Update from the International AIDS Conference
The 21st International AIDS Conference in Durban, South Africa, brought together more than 15,000 of the world's leading scientists, activists, funders, policy makers, and consumers from 153 countries.
Pediatric Footwear: Function Over Fashion
As practitioners, it is not uncommon for parents to bring us their children to treat or ask us questions related to the pediatric population. Children's feet tend to be a perplexing region for parents and practitioners alike.
Integrative Cancer Care: Chiropractic for Chemotherapy-Induced Hiccups
Hiccups (singultus) are a frequent occurrence during cancer treatment. The cause of the hiccups may be the chemotherapy drug itself, such as Cisplatin; or the prophylactic use of corticosteroids such as Decadron, which is used to prevent nausea and/or vomiting.
Pediatric Asthma: A Case Study
I have had very good success with pediatric asthma, combining acupuncture with Chinese herbal products. Treatment is given over four to eight months, twice monthly, with herbal formulas rotated every month.
January, 2008, Vol. 08, Issue 01
Planting Seeds for Success
By Peter W. Crownfield
In mid-2000, MPA Media decided to provide something unique to massage therapists: a monthly, independent news publication designed to facilitate communication and information exchange within the profession. As the first managing editor, my monumental task in preparing for the January 2001 launch of MT was to immerse myself in the profession in every manner possible - a profession about which I had little or no prior knowledge. To accomplish that, I turned to Cliff Korn, former NCBTMB chair, former president of the New Hampshire chapter of the AMTA, and founding editor of Massage Today.

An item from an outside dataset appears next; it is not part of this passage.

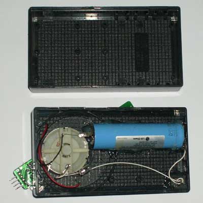 (图中兰色的圆柱体是3.6V的拆机充电池,本站也是不配的,大家可以用手机电池代替。)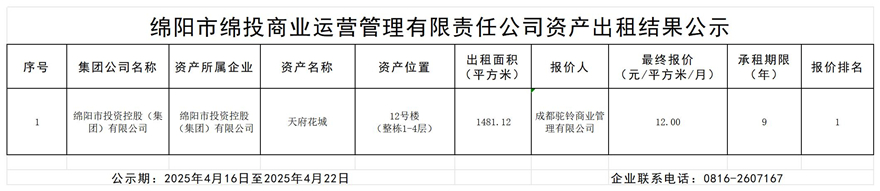 綿陽市綿投商業(yè)運(yùn)營管理有限責(zé)任公司資產(chǎn)出租結(jié)果公示

Cliff solicited nearly all of MT's original columnists, including current contributors Whitney Lowe, Dr. John Upledger, Erik Dalton and Dr. Leon Chaitow. In doing so, he ensured MT would be able to consistently deliver solid content from the best in the business. Cliff also provided much of the news we've reported, especially in the early years. Between visiting trade shows and other events as editor of MT, to just keeping himself "in the know," Cliff served as a rich resource of information - information that would, either by his hand or an in-house editor's, end up on the front page of the publication. Our dedication to covering the news and events of the profession is one of many reasons MT always has been so different from other massage publications.
However, Cliff did much more than lay the foundation for the success of Massage Today. Through his eyes, I learned that reporting on the politics, the issues and the debates was no more important than providing a forum to share the wonderful qualities embodied by the massage profession. In short, I learned that reporting the news had to be tempered with an appreciation for the giving, caring spirit of the massage therapist. That's why we've done our best over the years to provide a variety of perspectives in every issue.
What does it mean to be a massage therapist? Cliff explained it poignantly in his May 2002 "From the Editor's Desk" column, "As massage therapists and bodyworkers, we likely have an impact on the world that even we cannot fathom. We may introduce many who have never had positive touch to the beneficial aspects of touch and acceptance. We probably help ourselves by touching as much as we help our patients and clients by having them receive touch. I believe the positive touch my grandchildren receive will be a big factor in their development as healthy, happy, well-adjusted individuals. I only wish that everyone had more positive touch."
As Cliff ends his tenure as editor of MT and devotes more time to his practice, his grandchildren and loved ones, among other worthy endeavors, we begin our eighth year of publication as the news and information source for the massage therapy profession. And we do so in large part due to Cliff Korn. We thank him for his outstanding service to the publication and the profession. But more than that, I thank him for his friendship and for giving me a profound appreciation for the power of touch.